▶ _BRIEF_:
Using the data that follows, output only the lines from the line with "2、在登录/注册页面,点击密码登录选项,切换到密码登录界面。" up to and including the line with "Заморенова ул., нечетная", exactly, leaving pictures aside.

▶ _SOURCE MATERIAL_:
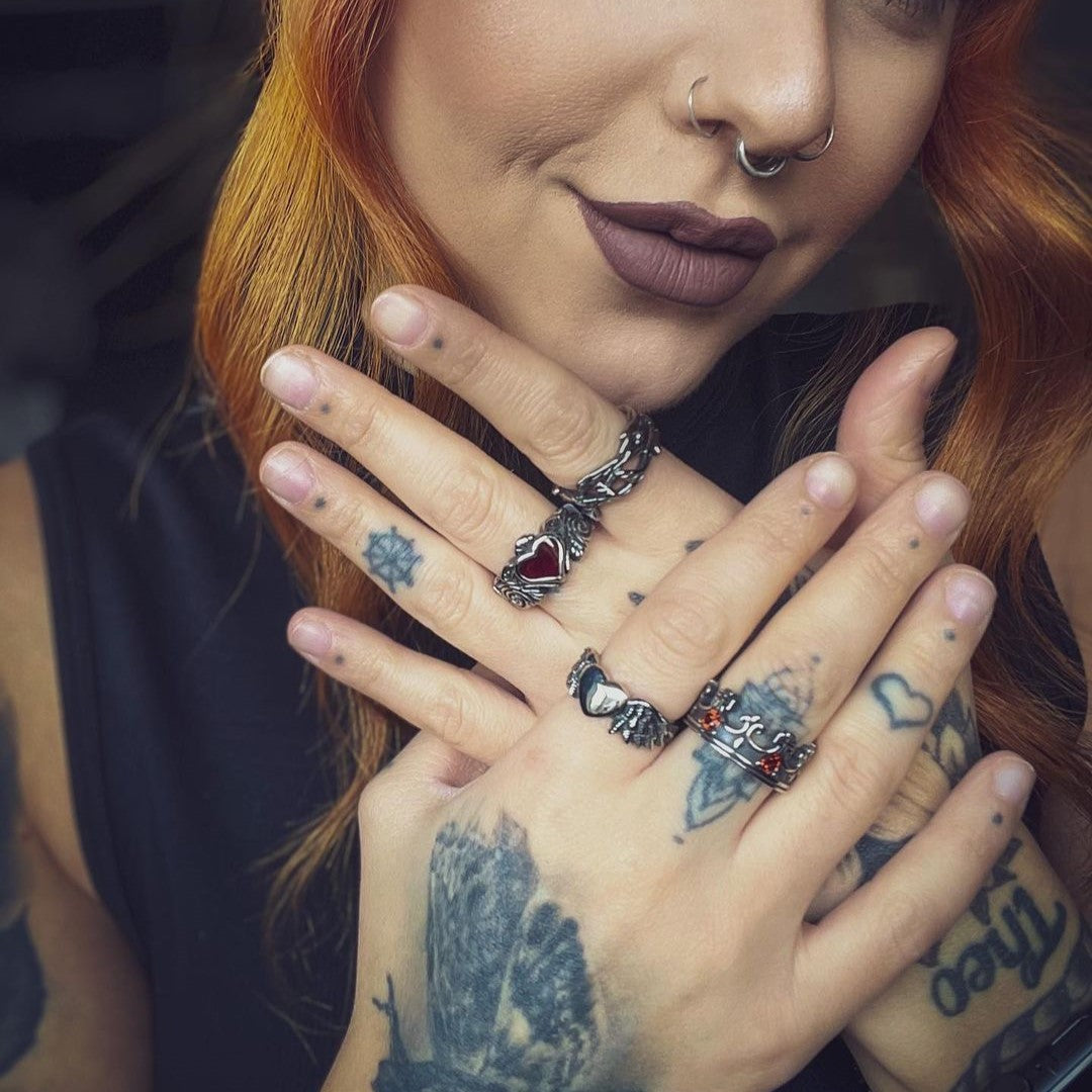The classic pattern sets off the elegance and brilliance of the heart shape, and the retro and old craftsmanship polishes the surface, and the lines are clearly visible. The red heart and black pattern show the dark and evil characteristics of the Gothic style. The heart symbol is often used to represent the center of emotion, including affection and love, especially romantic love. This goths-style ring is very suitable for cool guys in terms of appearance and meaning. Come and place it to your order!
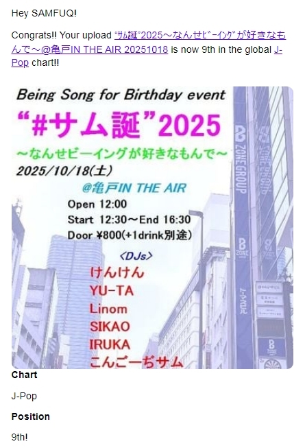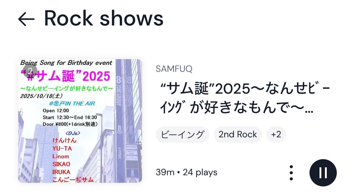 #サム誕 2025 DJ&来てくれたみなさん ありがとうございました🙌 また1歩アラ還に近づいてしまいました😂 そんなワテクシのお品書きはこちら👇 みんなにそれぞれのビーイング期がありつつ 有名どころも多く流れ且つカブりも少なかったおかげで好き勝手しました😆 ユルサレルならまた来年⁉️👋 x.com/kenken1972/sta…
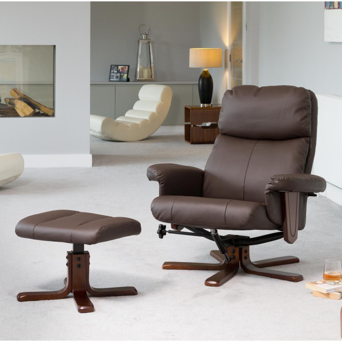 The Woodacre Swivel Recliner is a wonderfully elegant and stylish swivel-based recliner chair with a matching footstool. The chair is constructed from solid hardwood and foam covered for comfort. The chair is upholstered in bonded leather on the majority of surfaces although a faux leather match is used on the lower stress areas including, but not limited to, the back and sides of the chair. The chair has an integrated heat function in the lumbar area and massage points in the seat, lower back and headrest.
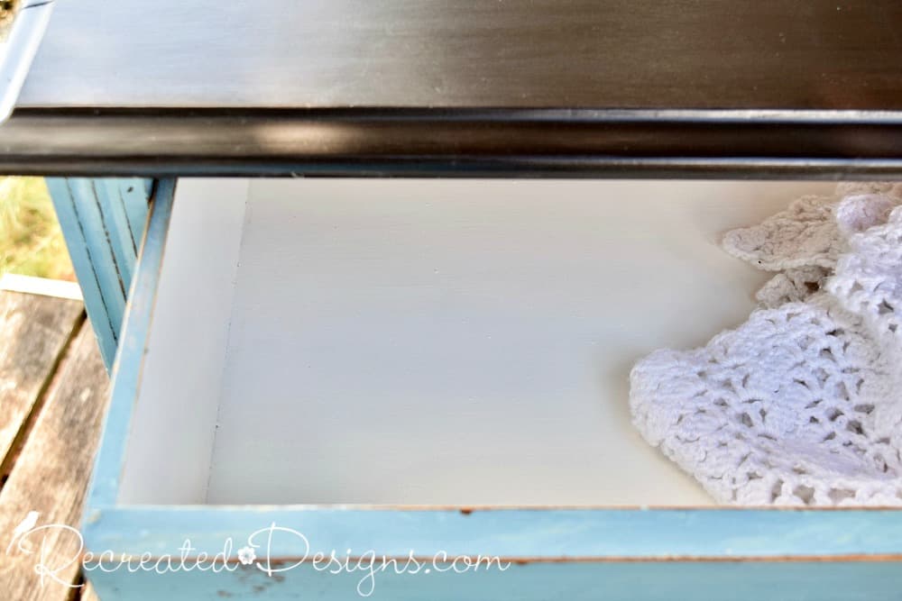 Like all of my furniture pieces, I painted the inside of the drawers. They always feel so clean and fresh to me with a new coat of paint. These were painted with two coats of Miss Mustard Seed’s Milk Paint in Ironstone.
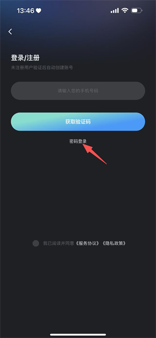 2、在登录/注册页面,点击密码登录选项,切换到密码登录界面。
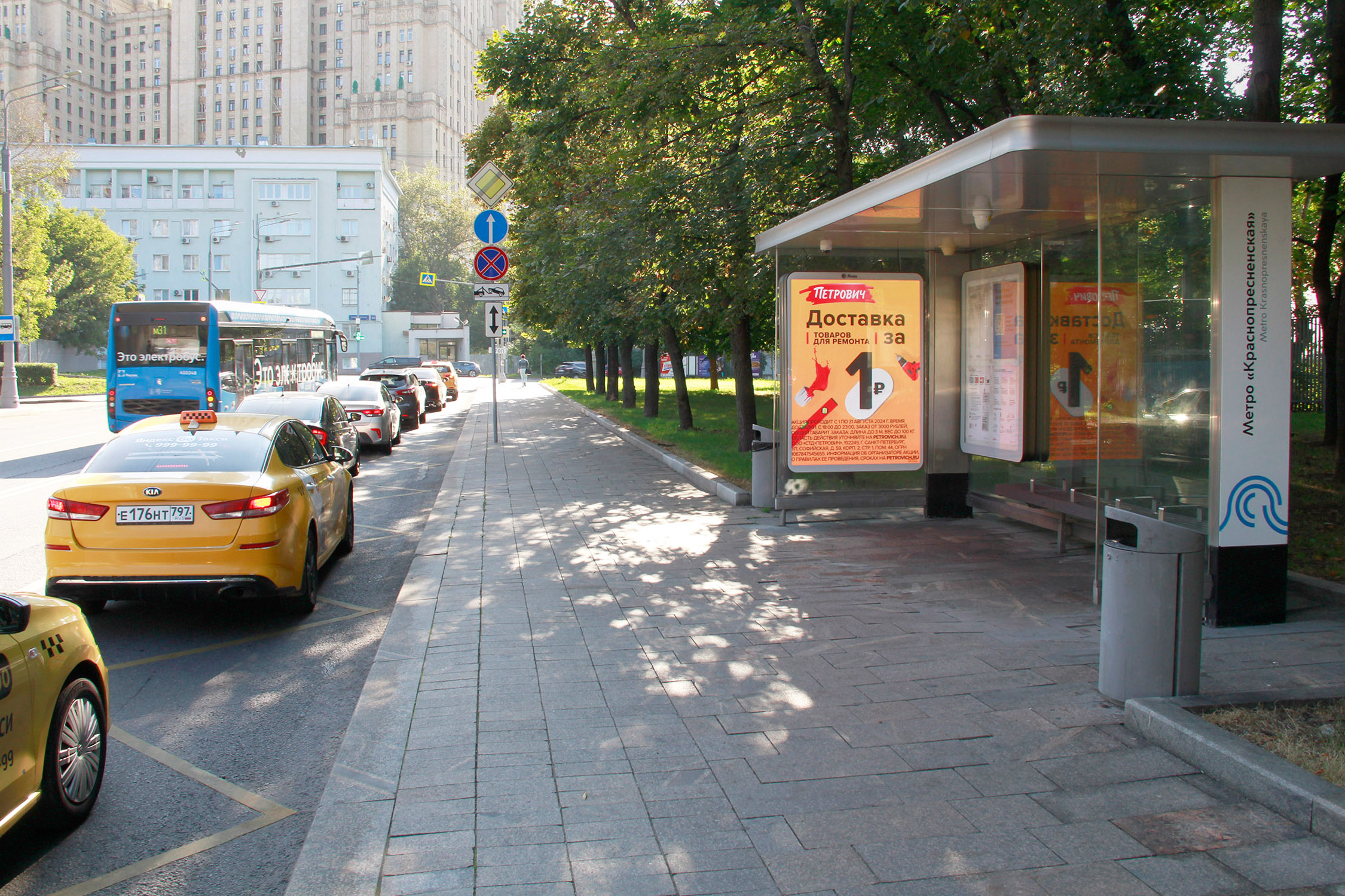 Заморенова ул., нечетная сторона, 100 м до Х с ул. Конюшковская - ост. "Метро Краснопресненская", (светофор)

---

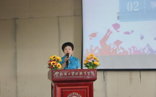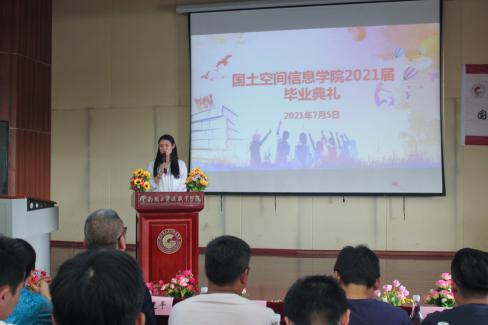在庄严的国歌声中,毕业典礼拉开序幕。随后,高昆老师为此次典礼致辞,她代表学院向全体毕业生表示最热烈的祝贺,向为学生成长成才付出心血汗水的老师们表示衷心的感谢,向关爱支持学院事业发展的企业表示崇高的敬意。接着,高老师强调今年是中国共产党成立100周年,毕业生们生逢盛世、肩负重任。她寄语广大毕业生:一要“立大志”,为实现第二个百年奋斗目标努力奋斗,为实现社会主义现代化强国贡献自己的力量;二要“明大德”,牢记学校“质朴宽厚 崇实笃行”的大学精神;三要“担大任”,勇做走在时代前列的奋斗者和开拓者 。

▶ _OUTPUT OF THE TASK_:
 2、在登录/注册页面,点击密码登录选项,切换到密码登录界面。
 Заморенова ул., нечетная сторона, 100 м до Х с ул. Конюшковская - ост. "Метро Краснопресненская", (светофор)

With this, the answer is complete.